**Work task**
From the records that follow, return exactly the lines beginning at the one that contains "这是在福建省漳州市东山县拍摄的漳汕高铁开工活动现场(2月4日摄)。新华社记者 林善传 摄" and ending at the one that contains "Vintage Handmade Genuine", pictures left out.

[Dataset records]
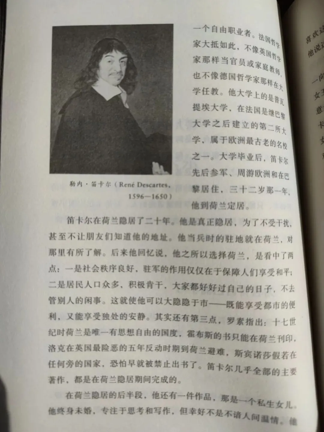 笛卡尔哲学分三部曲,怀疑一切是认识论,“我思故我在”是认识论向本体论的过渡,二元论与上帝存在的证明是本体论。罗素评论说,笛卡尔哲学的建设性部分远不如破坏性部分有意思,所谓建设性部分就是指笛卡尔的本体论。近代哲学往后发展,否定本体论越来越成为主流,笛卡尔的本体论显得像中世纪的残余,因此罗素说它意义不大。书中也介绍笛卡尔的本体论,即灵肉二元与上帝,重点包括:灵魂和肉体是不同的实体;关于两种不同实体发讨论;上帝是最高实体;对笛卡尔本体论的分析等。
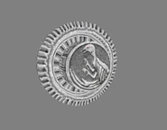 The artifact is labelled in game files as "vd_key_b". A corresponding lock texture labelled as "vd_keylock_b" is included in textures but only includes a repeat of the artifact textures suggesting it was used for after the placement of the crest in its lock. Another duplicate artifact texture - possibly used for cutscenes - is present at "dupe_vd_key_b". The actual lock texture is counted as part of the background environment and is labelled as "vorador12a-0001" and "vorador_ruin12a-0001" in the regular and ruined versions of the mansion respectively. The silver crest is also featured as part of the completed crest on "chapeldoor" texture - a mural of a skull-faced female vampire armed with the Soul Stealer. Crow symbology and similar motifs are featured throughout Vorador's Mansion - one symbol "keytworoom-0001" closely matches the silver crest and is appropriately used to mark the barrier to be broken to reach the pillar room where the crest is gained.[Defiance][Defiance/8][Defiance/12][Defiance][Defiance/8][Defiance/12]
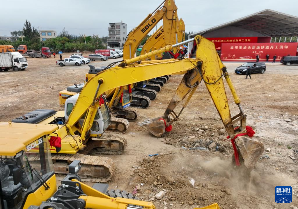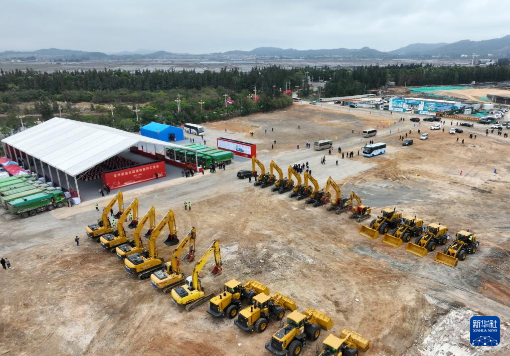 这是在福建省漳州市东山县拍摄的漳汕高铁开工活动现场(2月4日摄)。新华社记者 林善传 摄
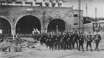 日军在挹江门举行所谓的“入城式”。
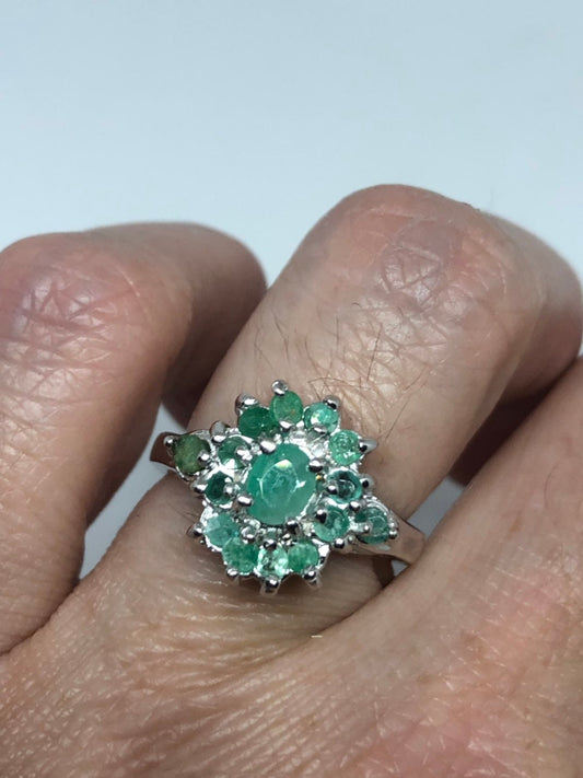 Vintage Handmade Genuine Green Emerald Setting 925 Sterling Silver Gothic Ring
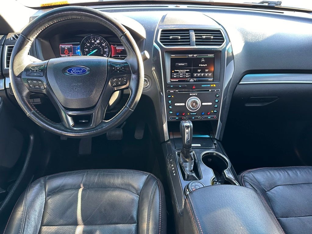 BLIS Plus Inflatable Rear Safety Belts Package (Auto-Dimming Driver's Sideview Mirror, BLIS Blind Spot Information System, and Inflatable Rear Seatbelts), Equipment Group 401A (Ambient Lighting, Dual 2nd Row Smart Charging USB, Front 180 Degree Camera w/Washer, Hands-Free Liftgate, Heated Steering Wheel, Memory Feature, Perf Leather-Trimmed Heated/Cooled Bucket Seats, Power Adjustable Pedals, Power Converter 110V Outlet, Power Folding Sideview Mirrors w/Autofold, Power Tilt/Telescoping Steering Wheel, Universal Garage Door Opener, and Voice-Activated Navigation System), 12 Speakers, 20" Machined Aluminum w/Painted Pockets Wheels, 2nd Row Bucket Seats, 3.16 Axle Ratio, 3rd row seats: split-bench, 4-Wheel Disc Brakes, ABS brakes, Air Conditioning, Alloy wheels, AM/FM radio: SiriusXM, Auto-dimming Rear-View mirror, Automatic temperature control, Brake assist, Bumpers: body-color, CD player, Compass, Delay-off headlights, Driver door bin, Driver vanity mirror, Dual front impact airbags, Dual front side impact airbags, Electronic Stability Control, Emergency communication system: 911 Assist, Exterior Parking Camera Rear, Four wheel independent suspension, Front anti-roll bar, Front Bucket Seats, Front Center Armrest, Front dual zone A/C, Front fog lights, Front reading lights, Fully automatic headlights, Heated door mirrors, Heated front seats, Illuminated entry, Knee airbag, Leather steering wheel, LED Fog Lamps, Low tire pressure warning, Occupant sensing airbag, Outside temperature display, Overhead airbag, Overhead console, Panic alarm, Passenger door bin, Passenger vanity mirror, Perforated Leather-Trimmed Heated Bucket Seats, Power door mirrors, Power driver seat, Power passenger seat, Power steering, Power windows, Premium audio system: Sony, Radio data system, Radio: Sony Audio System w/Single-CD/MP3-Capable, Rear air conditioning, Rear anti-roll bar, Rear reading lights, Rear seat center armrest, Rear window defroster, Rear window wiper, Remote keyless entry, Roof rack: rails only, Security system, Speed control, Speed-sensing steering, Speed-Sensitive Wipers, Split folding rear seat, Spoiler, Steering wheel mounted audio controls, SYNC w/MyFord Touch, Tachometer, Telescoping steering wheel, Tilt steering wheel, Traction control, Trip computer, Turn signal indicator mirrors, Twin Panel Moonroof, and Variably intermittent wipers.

**Completed exercise**
 这是在福建省漳州市东山县拍摄的漳汕高铁开工活动现场(2月4日摄)。新华社记者 林善传 摄
 日军在挹江门举行所谓的“入城式”。
 Vintage Handmade Genuine Green Emerald Setting 925 Sterling Silver Gothic Ring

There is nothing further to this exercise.